==== Given information
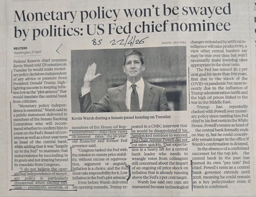 Mr Kevin Warsh–US Fed Chief Nominee–[1] I do not believe the operational independence of monetary policy is particularly threatened when elected officials–presidents-senators or members of House–state their views on interest rates [2] Inflation is a choice and the Fed must take responsibility for it–[3] Low inflation is Fed’s plot amount –Courtesy BS
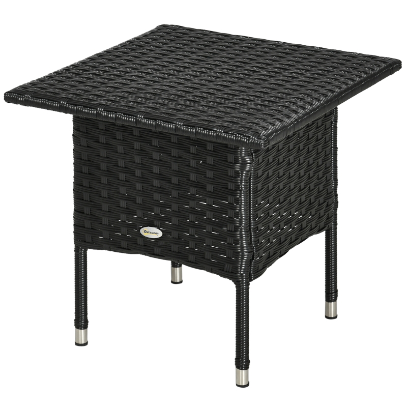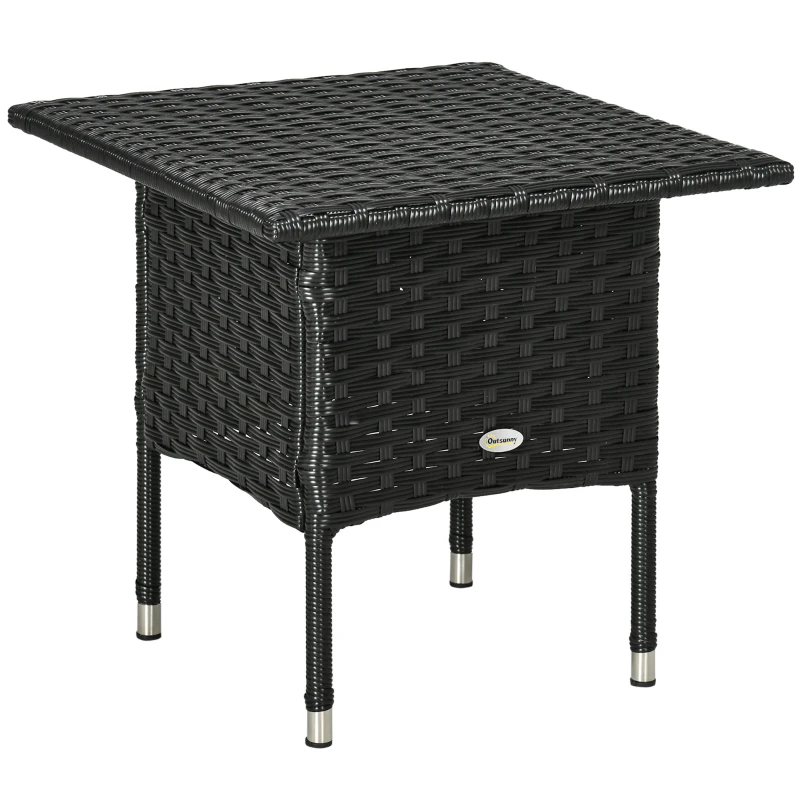 Rattan side table: A great addition to your garden furniture this season and beyond. Neutral colour is easy to blend with other pieces. || Steel frame, wrapped in rattan: Galvanised for an extra strong core, this outdoor coffee table is wrapped in plastic wicker for double the durability. || Four legs: Garden coffee table stands stable, with foot pads for gentle protection. || Large table top: Rattan coffee table has plenty of room for holding what you need close to you. || Dimensions: 47H x 50L x 50W cm. Maximum load 30 kg. Assembly required.
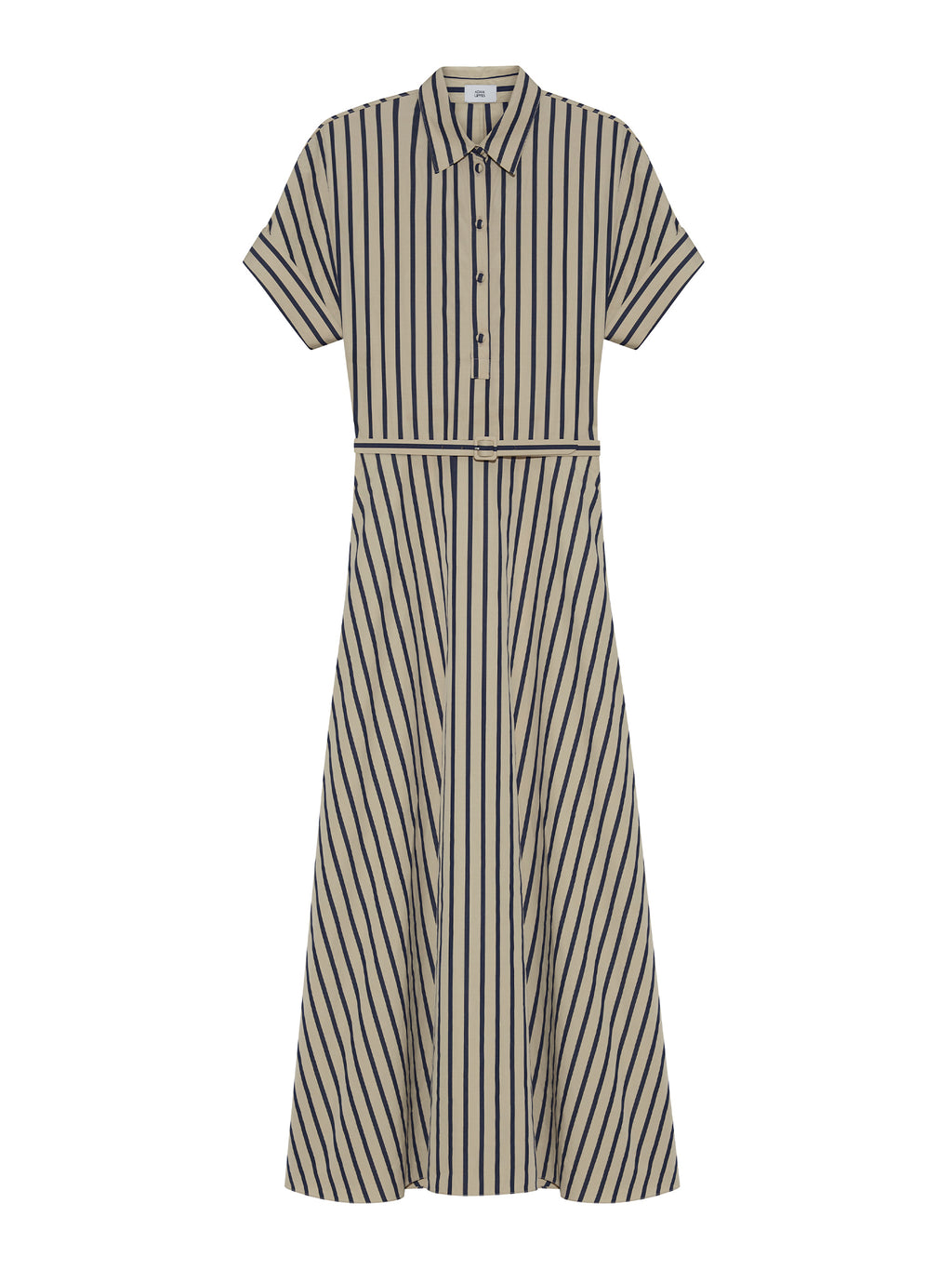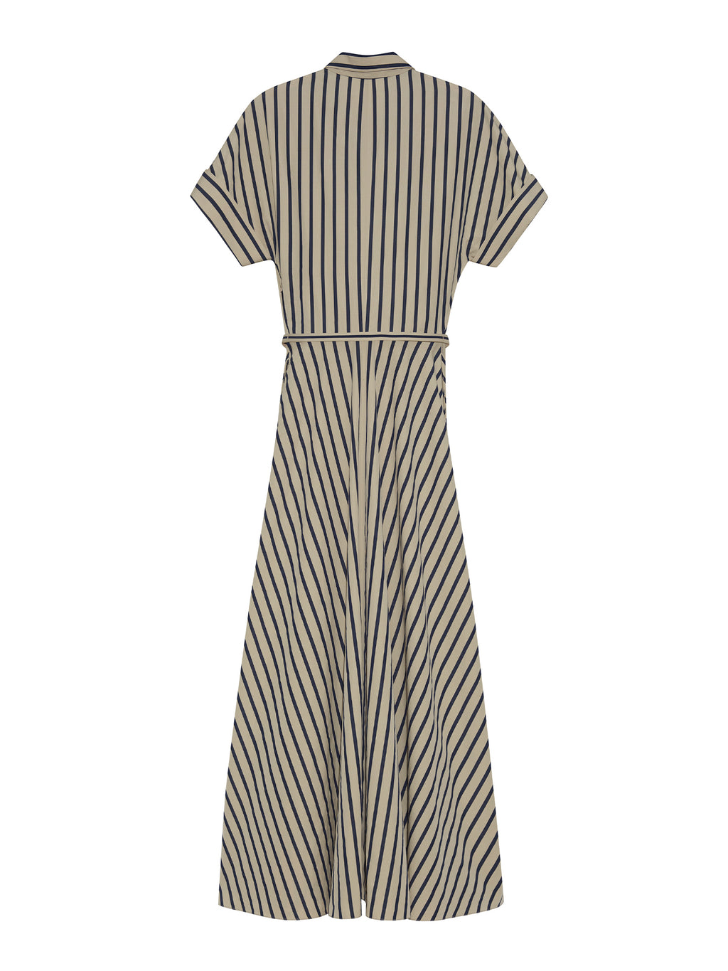 Adam Lippes’ Sadie Dress is crafted in crisp Italian cotton with navy and khaki stripes, shaped into a flattering A-line silhouette. Self-covered buttons at the center front meet a collared neckline, while a matching belt cinches the waist. Finished with discreet pockets for functionality.
========
▶ _Exercise brief_
Each line above should be set down exactly as written, with pictures excluded.

▶ _Solved exercise_
 Mr Kevin Warsh–US Fed Chief Nominee–[1] I do not believe the operational independence of monetary policy is particularly threatened when elected officials–presidents-senators or members of House–state their views on interest rates [2] Inflation is a choice and the Fed must take responsibility for it–[3] Low inflation is Fed’s plot amount –Courtesy BS
 Rattan side table: A great addition to your garden furniture this season and beyond. Neutral colour is easy to blend with other pieces. || Steel frame, wrapped in rattan: Galvanised for an extra strong core, this outdoor coffee table is wrapped in plastic wicker for double the durability. || Four legs: Garden coffee table stands stable, with foot pads for gentle protection. || Large table top: Rattan coffee table has plenty of room for holding what you need close to you. || Dimensions: 47H x 50L x 50W cm. Maximum load 30 kg. Assembly required.
 Adam Lippes’ Sadie Dress is crafted in crisp Italian cotton with navy and khaki stripes, shaped into a flattering A-line silhouette. Self-covered buttons at the center front meet a collared neckline, while a matching belt cinches the waist. Finished with discreet pockets for functionality.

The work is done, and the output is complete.